Las prioridades de Seguridad Pública
En términos de seguridad pública, el aislamiento geográfico de Magallanes ya no basta como barrera frente a los fenómenos delictuales que avanzan en el país y el mundo.
Las prioridades planteadas por el seremi Ronald López parecen apuntar precisamente a esa lógica preventiva, aunque hace años que se viene observando cómo nuestra región está enfrentando los problemas de las grandes ciudades. Nadie puede ignorar que en términos de contrabando y tráfico de drogras operan redes de cierta envergadura. Pese a ello, podríamos plantear que aún estamos a tiempo de actuar antes de que los problemas escalen a niveles difíciles de contener.
Hablar de crimen organizado, narcotráfico, control fronterizo o inteligencia policial puede sonar exagerado para algunos sectores de la región. Sin embargo, sería ingenuo creer que Magallanes permanece ajena a redes delictuales que ya operan con fuerza en gran parte del continente. Las rutas marítimas, los pasos fronterizos, el crecimiento migratorio y la conectividad aérea convierten también a esta zona extrema en un territorio vulnerable si el Estado no fortalece su capacidad de vigilancia y control.

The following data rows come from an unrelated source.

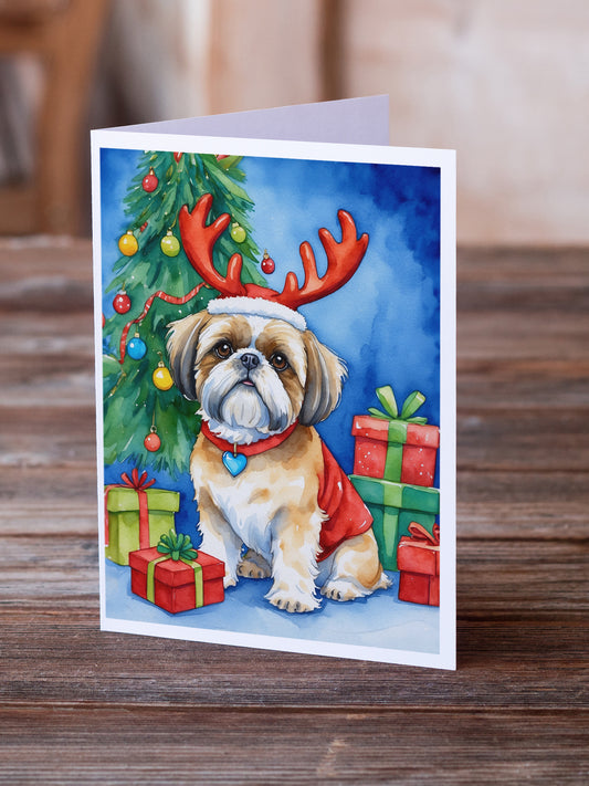 Shih Tzu Christmas Reindeer Greeting Cards Pack of 8
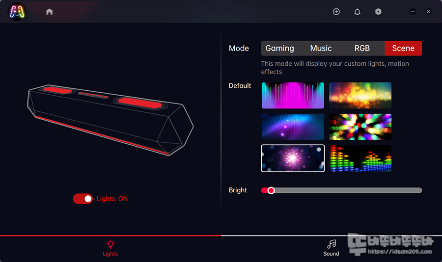 그 밖에 음악 소리에 반응하는 Music, RGB 고정 컬러를 선택할 수 있는 RGB, 움직이는 RGB 효과를 선택하는 Scene 모드를 선택할 수 있습니다.
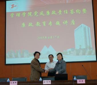 会上,吴清老师向各位老师传达2015年公司党风廉政干部大会上的讲话精神,及公司2015年党风廉政工作计划,要求大家进一步增强反腐倡廉的高度责任感,认真做好“一岗双责”,尽心尽责做好自己的本职工作。公司副经理(副书记)、系(室)主任和党支部书记等分别签署了党风廉政建设责任书。
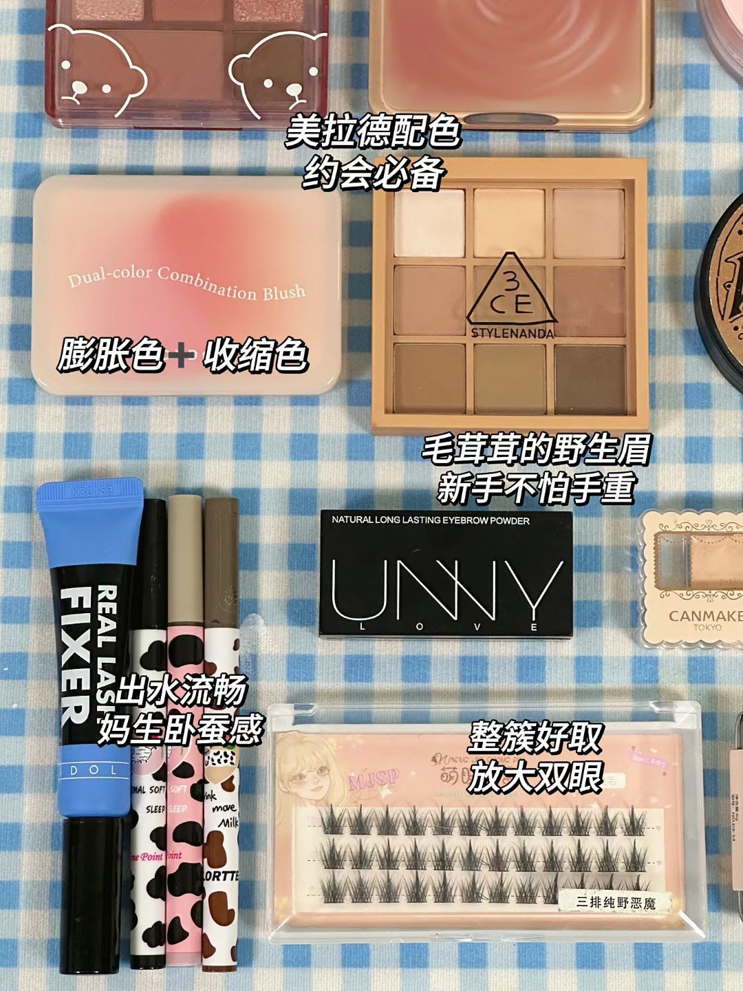 本篇笔记关联了3CE/三熹玉 细腻易上色九宫格眼影盘 哑光细闪九色纷呈 裸棕哑光盘SMOOTHER 8g、Too cool for school 涂酷三色修容盘粉刷套装 鼻影阴影侧影三合一修饰侧影 经典咖棕色 #1+ 斜头刷、FLORTTE/花洛莉亚 哇塞好细奶牛系列眼线液笔 自然持久不晕染 0.55ml 04卧蚕笔等商品,为用户提供真实的使用体验和购买参考。
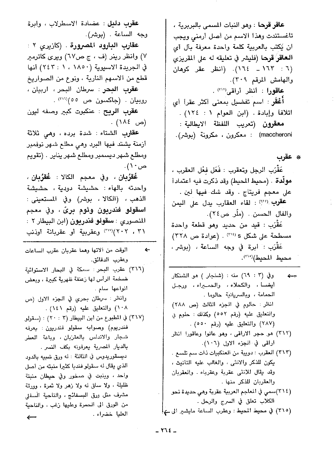 • عقرب: عَقْرَب الرجل وتعقرب: فَعَل فِعْل العقرب، مولّدة. (محيط المحيط) وقد ذكرت فيه اعتمادا على معجم فريتاج. وقد شك فيها لين.
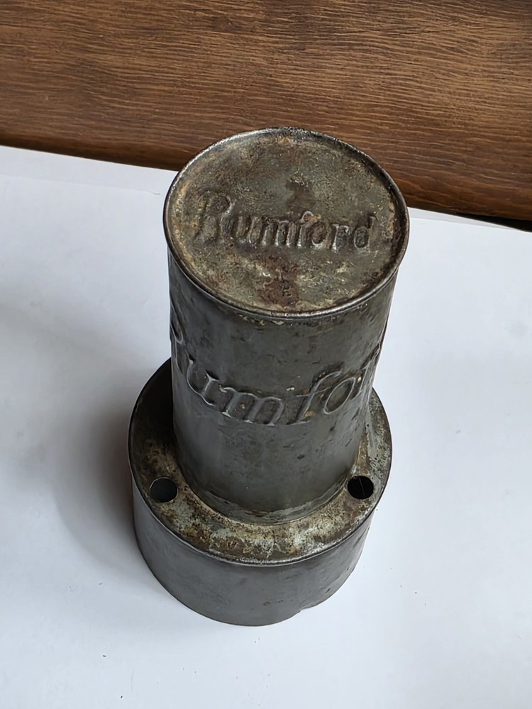 The Vintage RUMFORD BAKING POWDER Tin Metal biscuit cutter is a charming piece of advertising memorabilia from a bygone era. Made of durable tin, this primitive biscuit cutter features a unique design that would make a great addition to any antique or primitive collection. Signed with the brand's name, this item serves as a nostalgic reminder of the history and popularity of RUMFORD BAKING POWDER. Great condition.

Por eso resulta relevante que el nuevo diseño de seguridad incorpore tecnología, sistemas biométricos y coordinación internacional. Hoy el delito opera con rapidez, movilidad y sofisticación. Pretender combatir organizaciones criminales con herramientas del siglo pasado simplemente no basta.
Pero la seguridad no puede limitarse únicamente a policías, controles y persecución penal. Sería un error reducir el debate a una lógica exclusivamente represiva. El propio diagnóstico regional demuestra que buena parte de los delitos y situaciones de violencia cotidiana están asociados al consumo problemático de alcohol y drogas, a la pérdida de espacios públicos y al debilitamiento de la convivencia comunitaria.
La recuperación territorial de plazas, barrios y sectores urbanos abandonados es, en ese sentido, una señal correcta. Cuando el Estado desaparece de ciertos espacios, otros terminan ocupándolos. La iluminación, la presencia comunitaria y la prevención siguen siendo herramientas tan importantes como las patrullas o las cámaras.
Sin embargo, hay un punto donde las prioridades planteadas adquieren especial urgencia, cual es la protección de niños, niñas y adolescentes frente a la explotación sexual infantil. Que Magallanes encabece cifras nacionales en esta materia constituye una alarma gravísima que durante demasiado tiempo ha permanecido invisibilizada o relativizada. Allí no bastan discursos ni diagnósticos. Se requiere coordinación real entre policías, justicia, educación, salud y familias.
Magallanes aún conserva ventajas comparativas respecto de otras regiones del país. Pero precisamente por eso existe la obligación de no repetir errores ajenos. Esperar a que el crimen organizado siga avanzando, a que los barrios se deterioren o a que las redes de explotación sigan creciendo sería una irresponsabilidad política y social.
La seguridad pública debe entenderse como una tarea permanente, preventiva y colectiva. Quizás el mayor desafío para esta nueva institucionalidad será justamente lograr que la región no normalice problemas que hasta hace pocos años parecían lejanos.